“If you say so. Seriously, what are you building back here?” she asked, flawlessly changing the subject back so quickly it took me a second to recover from the whiplash.
“Oh, you know, nothing,” I deflected again, rubbing the back of my neck.
“Seriously, what it is?” She pushed, looking again then back to me, determined to make me say it out loud.
“It’s a greenhouse,” I said, standing up and reaching for Phoebe. Mom passed her over without so much as a smile, brushing nonexistent dirt from her pants and slipping her shoes back on her feet.
“Are you taking up gardening, Marcus?”
“You know I’m not,” I answered, rubbing Phoebe’s back before opening the sliding glass door and walking back inside. Mom followed, throwing the beer bottles away before heading straight through the living room and to the front door.
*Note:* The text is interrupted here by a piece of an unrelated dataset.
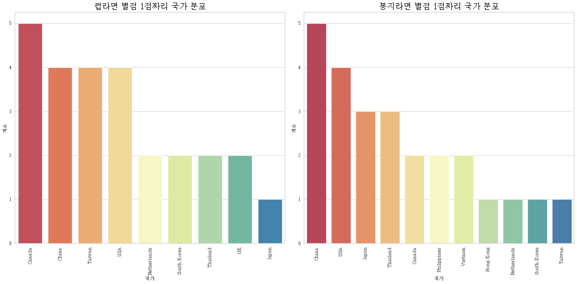 ax[1].set_title('봉지라면 별점 1점짜리 국가 분포', fontsize = 20)

“Yeah, I know you’re not, Marcus, and it seems to me you wouldn’t be building a greenhouse for your backyard if you truly believed in your heart that things were over. I’ll bring another pot by to replace the one I broke tomorrow,” she said, reaching out to scratch Phoebe behind the ears, then pat my cheek.
“Thanks, I’ll clean up the mess later.”
“Okay, I love you very much, Marcus. Dinner this weekend. No excuses.”
“Love you too, Mom,” I said, shutting the door and collapsing back on the couch with a sigh. Phoebe kneaded my chest, but even her little needle claws digging into my flesh couldn’t stop the gears from beginning to turn in my fuzzy brain, burning through the exhaustion like a wildfire.
All the weariness and anger that had seeped through my muscles were gone, replaced with something else. It was time to push aside my fears, admit I made the wrong damn choice, and embrace the fact my heart might get stomped to smithereens.
Actions spoke louder than words. If there was any chance of earning Jenna’s heart, it wasn’t by sending her a text or showing up at the clinic with flowers. She deserved something big. I rubbed my chest and glanced past the kitchen and to the backyard, where a half put-together greenhouse laid pitifully in the grass.
Determination? Hopefulness?
Sheer insanity?
Whatever it was that had taken root in my chest, sleep wasn’t happening, not when there was work to do to bring Jenna back where she belonged—by my side.
27 - JENNA
That stupid, stupid doggie doorbell was barking. I looked at my watch and groaned, pushing out from behind my desk and standing up. My back gave an uncomfortable twinge, and I leaned over and twisted from side to side to relieve the tension.
Had I forgotten to lock the door?
I stood up, smoothing down my shirt and looking at my mismatched ensemble. My old shirt was covered with paint splotches, and my jeans were faded and ripped. But my appearance was the last thing I was cared about until the renovations were done.
On top of seeing patients until we successfully transitioned, my workload had tripled when you added in the million-and-one-things that went along with starting a shelter. I still wasn’t sleeping for shit, so I was at the clinic at all hours. I should be giddy with joy, but my mind kept taking me back to the empty void in my life where he used to be. I didn’t know if it was the persistent ache in my back or because after trimming a bonsai tree for an hour last night, I’d realized I had made Phoebe’s cute little face, but something else was off.
I stepped over a large sign with our new name,Feathers and Fur,and trailed my fingers over the lettering as I walked down the hall past boxes of lightbulbs, fixtures, and paint cans. When I looked up, my heart stalled because Mark was standing right in the doorway with his hands shoved in his pockets.
I stopped and stared, not believing my eyes.
He isn’t supposed to be here.
I blinked and shook my head, putting one hand on my chest and the other on the wall. It felt over-dramatic, but it was like the aching emptiness I’d felt since he’d been gone somehow recognized its chance at becoming whole.
“The door was open,” he started, walking the rest of the way in and locking the door behind him.
He had on dark jeans and a green Henley, pushed past his elbows. His hair was a mess, like he hadn’t stopped running his hands through it, and his beard was trimmed close to his face, showing off his sharp, chiseled jaw. I gave myself three seconds to breathe him in before looking away. I wasn’t going to let myself hope. I wasn’t going to let myself feel anything. For all I knew, he was finally returning my damn key.
“What are you doing here?” I said with a voice that didn’t sound like my own. It was even, empty, emotionless. I focused on his shoes because if my eyes stayed on his for more than one millisecond, I’d force myself to see the pain I was feeling mirrored back tenfold.
“You were right,” he said, clenching his hands at his side. “I was scared shitless, so I left. Because if I didn’t, I’d have to admit to myself that choosing to stay single was fucking wrong.”
He ran his hand through his blonde hair and took a step forward as I took one back.
He wasn’t supposed to be here, looking every bit as miserable as me, like these last few weeks hadn’t gutted him.